For Alexandre Tombini, the president of Brazil’s central bank, last week was one of the more tumultuous in his nine months in the job.

Mr Tombini was forced to clarify on television a surprise decision to cut interest rates even as consumer prices hit a six-year high amid concern among private sector economists that the central bank was watering down Brazil’s cherished inflation-targeting regime.

“The central bank continues to operate with autonomy,” Mr Tombini told Globo TV, rejecting claims that the interest rate cut was a political decision.

Brazil’s about-turn on interest rates, in which it abruptly ended its tightening cycle this year by slashing 50 basis points off its benchmark Selic rate to reduce it to 12 per cent, is a gamble that is being watched by emerging-market policymakers around the world.

Latin America’s biggest economy is not the first to cut interest rates citing the weakening global outlook – Turkey began easing in early August.

But Brazil is the largest emerging-market economy so far to have begun easing. And, given the country’s chequered history with inflation, which in past decades was a destabilising force in the economy, the issue is highly sensitive.

The central bank’s call to begin easing now was all the more significant because inflation in the 12 months to the end of August reached 7.23 per cent – the highest since 2005 and well beyond the official target of 4.5 per cent plus or minus 2 percentage points.

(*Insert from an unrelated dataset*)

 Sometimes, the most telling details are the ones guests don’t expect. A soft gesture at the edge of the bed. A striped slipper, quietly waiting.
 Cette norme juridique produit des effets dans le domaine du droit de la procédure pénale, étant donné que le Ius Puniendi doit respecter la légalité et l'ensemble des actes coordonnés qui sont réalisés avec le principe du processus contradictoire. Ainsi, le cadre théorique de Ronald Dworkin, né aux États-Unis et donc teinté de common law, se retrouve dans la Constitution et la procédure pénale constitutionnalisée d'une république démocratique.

In the minutes of the monetary policy meeting that decided on the rate cut, which were released last week, the central bank said it believed that the global economy was facing a shallower but longer period of weakness than in 2008-09. In this environment, the central bank could cut rates and still meet its inflation target next year of 4.5 per cent.

“Since the last meeting of the monetary policy committee, the outlook for the global economy has deteriorated,” the minutes said.

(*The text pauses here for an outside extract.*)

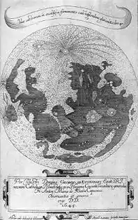 Schyrleus also included a map of the Moon in Oculus Enoch et Eliae. It was the first depiction of the Moon as seen in an inverting telescope (and thus the Moon itself is inverted in the illustration, with the South Pole at the top). The crater Tycho, for example, was depicted on lunar maps as early as 1645, when Schyrleus depicted the bright ray system. His map, however, did not come into standard use, as it was superseded by those made by Hevelius and the Jesuits Giovanni Battista Riccioli and Francesco Maria Grimaldi (1650–1651). In 1647, Schyrleus published a lunar chart with a diameter of 19 cm.

The sudden about-face by the bank, which until then had been increasing interest rates this year, adding 175 basis points to the benchmark rate, prompted concern among market economists that the central bank was taking a gamble on inflation for political reasons.

“There is some dissonance, some tension there between their actions and their rhetorical commitments to the inflation target,” says Alberto Ramos, an economist with Goldman Sachs. “If they were really committed … [to] getting inflation to the target by 2012, I think in the name of prudence they probably should have held rather than cut.”

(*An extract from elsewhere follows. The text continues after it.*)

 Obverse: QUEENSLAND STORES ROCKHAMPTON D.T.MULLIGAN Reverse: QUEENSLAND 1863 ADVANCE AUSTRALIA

The government of President Dilma Rousseff is keen to see lower real interest rates – Brazil’s are the highest in the world for a large economy.

Lower interest rates would also ensure economic growth continued at a reasonable pace after last year’s rip-roaring 7.5 per cent. Easier monetary policy might also weaken Brazil’s currency, the real, against the dollar, which the government blames for undermining domestic industry.

At the heart of economists’ concerns is whether the central bank’s autonomy is in jeopardy. “We believe the Brazilian authorities are operating a new policy regime with three targets – growth, inflation and [the exchange rate],” wrote Nomura economist Tony Volpon in a report. “The risk of surprising, ‘stop-and-go’ changes in policy priorities … and greater interference in markets is, we believe, a new permanent part of the economic and market landscape.”

Economists dispute that there is clear evidence that external conditions are so negative that inflation will die off in Brazil. If the US embarks on more quantitative easing, commodity prices could stay high, favouring the Brazilian economy. China’s economy, the mainstay of Brazil’s commodity exporters, also remains buoyant.

Most economists have lowered their forecast for Brazilian economic growth to between 3 and 4 per cent but these levels might be high enough to sustain inflation above the official target, given a tight labour market and expected wage increases.

Goldman Sachs’ Mr Ramos argues that even if the central bank proves correct and the global outlook deteriorates so much that inflation does converge to the target next year, its methodology is questionable.

“In the end it might turn out OK for Brazil, it might turn out to have been the right decision, but that does mean the process was right because there is an element of a gamble, of wishful thinking in this decision,” he said.

In his TV interview, however, Mr Tombini said the world had changed between the last two meetings of the monetary policy committee. And he rejected claims that the central bank was now serving more than one master.

“The central bank does not have any other target than inflation,” Mr Tombini said.